They tasted her breath of rose.
"Do not die!" they said simply.
"I have lived three hundred years," she answered. "Now I must die. I am the Luck of the Roses, but I must leave them and die."
"When must you die?" said her man and his wife.
The little lady said: "Before the last roses are over; the chills of night take me, the first frost will kill me. Soon I must die. Now I must dwindle and dwindle, for little life is left to me, and only so can I keep warm. As life and heat grow less, so must I, till presently I am no more."
She was a little thing already—not old, she did not seem old, but delicate as a snowflake, and so weary. She laid her head in the hand of the gardener's wife, and sobbed hard.
"You dear people, who belong so much to me too, I have watched over you."
"Let us watch over you!" said they. They lifted her like a feather-weight, and carried her into the house. There, in the ingle-nook, she sat and shivered, while they brought rose-leaves and piled round her; but every hour she grew less and less.

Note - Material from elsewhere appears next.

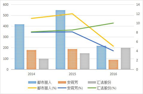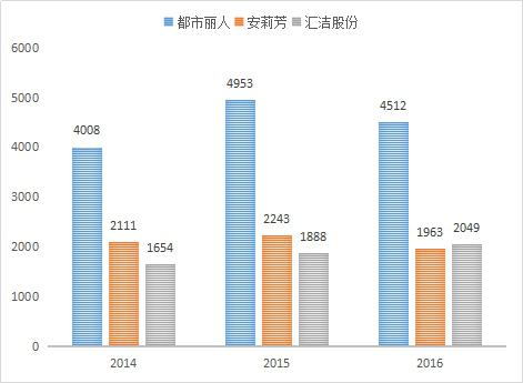 考慮到使用萊卡材料內衣企業(yè)主要是中高端企業(yè),企業(yè)占市場份額較大,數據可獲取等因素,本部分主要針對中高端內衣企業(yè)安莉芳集團(以下簡稱為:安莉芳)、深圳匯潔集團股份有限公司(以下簡稱為:匯潔股份)、大眾性企業(yè)廣東都市麗人實業(yè)有限公司(以下簡稱:都市麗人)進行分析。

Presently the sun shone full upon her from the doorway: its light went through her as through coloured glass; and her man and his wife saw, over the ingle behind her, shadows fluttering as of falling rose-petals: it was the dying rose of her life, falling without end.

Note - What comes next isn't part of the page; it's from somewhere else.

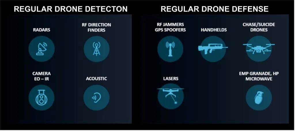 there are many limitations here from both sides. because of large drone technical specification, different detection and defense methods has advantages and disadvantages. according to the detection method, there are blind spots, weather, and drone technology dependent drone detection distance and accuracy, different sensor fusion methods (visual, IR, RF, etc.), what could lead to slow reaction time, operation skill dependency, high collateral damage on defense mode, easy to outnumber, and so on. all of them need to mix for a close to effective protection, that makes it very difficult to operate.

All day long she dwindled and grew more weak and frail. Before sunset she was smaller than a small child when it first comes into the world. They set honey before her to taste, but she was too weary to uncurl her tiny hands: they lay like two white petals in the green lap of her gown. The half-filled panniers of roses stood where they had been set down in the porch: the good couple had taken nothing to the market that day. The luck of the house lay dying, for all their care; they could but sit and watch.